Me mostré de acuerdo. Comprendía perfectamente lo que quería decir. ¡Cómo no iba a comprenderlo!

—Ojalá pudiera decir que íbamos a retirar la petición que le hicimos —dijo Louis—. Ojalá pudiera seguir resistiendo sin recurrir a las dotes mágicas de Merrick. Ojalá pudiera abandonar este mundo sin ver jamás el fantasma de Claudia.

—No hables de poner fin a tu vida, por favor, no lo soporto — me apresuré a decir.

—Pero debo hablar de ello. No pienso en otra cosa.

—Entonces piensa en las palabras que dije al espíritu de la cueva. La vida pertenece a los vivos. Tú estás vivo.

—¡Pero a qué precio! —exclamó.

—Louis, los dos deseamos desesperadamente vivir —dije—. Recurrimos a la magia de Merrick en busca de consuelo. Soñamos con mirar a través de la máscara. Queremos contemplar algo que haga que todo encaje, ¿no es cierto?

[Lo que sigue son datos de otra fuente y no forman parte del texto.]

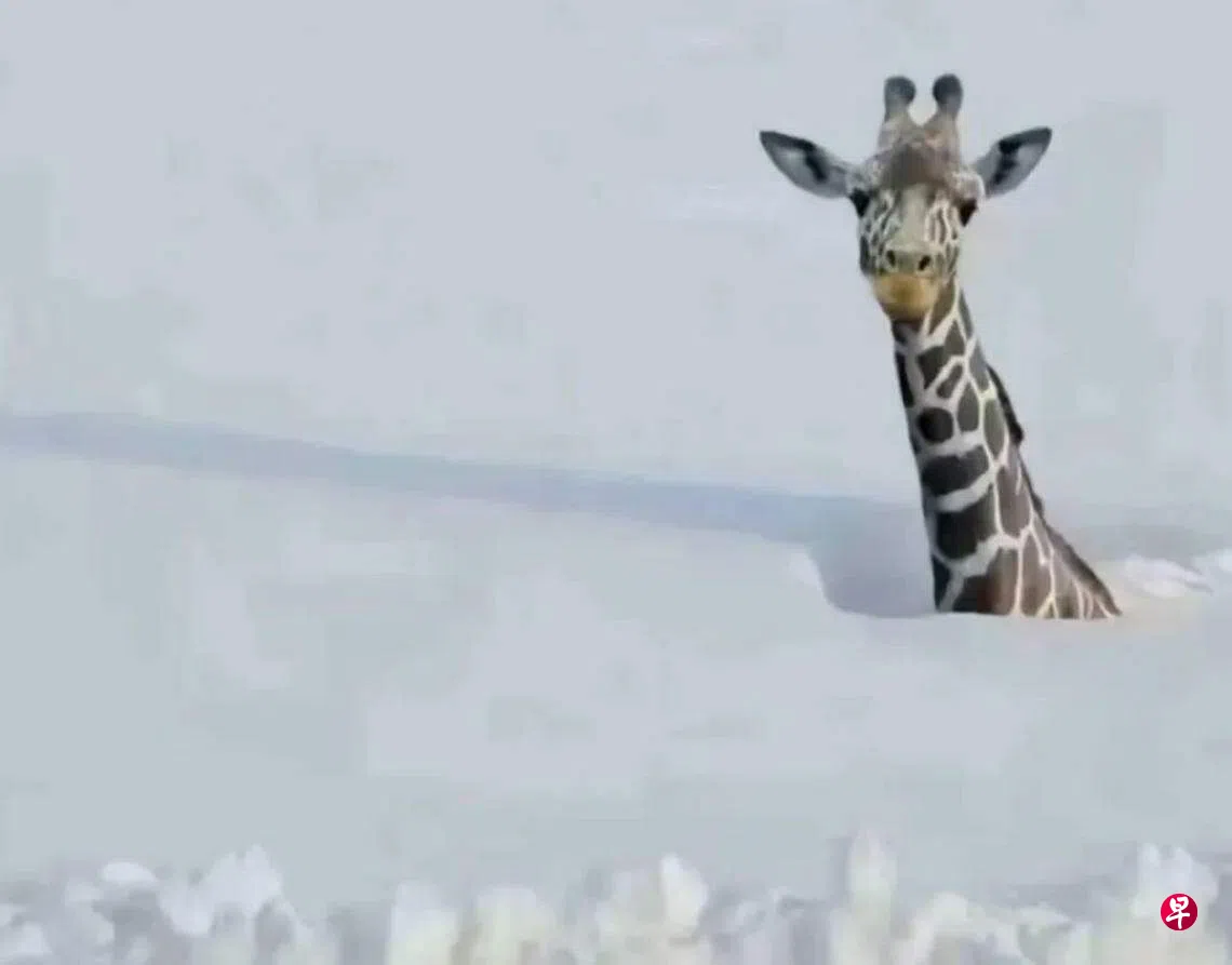 中国山东威海、烟台等地近日频繁遭遇强降雪,积雪深度打破当地纪录。有网民星期四(12月21日)发帖说,“别问烟台雪多大,动物园里就剩下它”,并配上一只长颈鹿在厚厚积雪中露出头的照片,让不少网民担心动物园其它动物的安危。烟台动物园星期五(12月22日)回应称,长颈鹿早就躲在暖气房中,不用担心。

—No sé si eso es lo que pretendo, David —respondió Louis. Su rostro denotaba una profunda preocupación en las pequeñas arrugas en las comisuras de los ojos y de la boca, unas arrugas que desaparecían cuando su rostro estaba relajado—. Lo cierto es que no sé lo que quiero —confesó—. Me gustaría ver espíritus, como habéis visto Merrick y tú. ¡Ah, ojalá pudiera oír ese clavicémbalo fantasmal que otros han oído en esta casa! ¡Y poder hablar con un espíritu tan fuerte como Honey Rayo de Sol! Eso significaría mucho para mí.

—¿Cómo podemos infundirte ánimos para seguir adelante, Louis? —pregunté—. ¿Cómo podemos convencerte de que somos unos testigos de excepción de lo que el mundo tiene que ofrecer en todos sus aspectos?

Louis sonrió desdeñosamente.

—Tranquilizando mi conciencia, David —contestó—. No veo otro modo.

—Entonces toma la sangre que te ofrezco —dije—. Toma la sangre que Lestat te ha ofrecido en más de una ocasión. Toma la sangre que has rechazado tantas veces, y ten la fuerza de vivir del «pequeño trago» y alejar a la muerte de tu camino.

Me sorprendió la vehemencia con que le hice la sugerencia, porque antes de este diálogo (antes de esta larga noche en que le conté mi historia), su decisión de no beber la poderosa sangre me había parecido muy sensata. Como ya he dicho en este relato, Louis era lo bastante débil como para que el sol lo destruyera, lo cual le procuraba un consuelo del que Lestat y yo carecíamos.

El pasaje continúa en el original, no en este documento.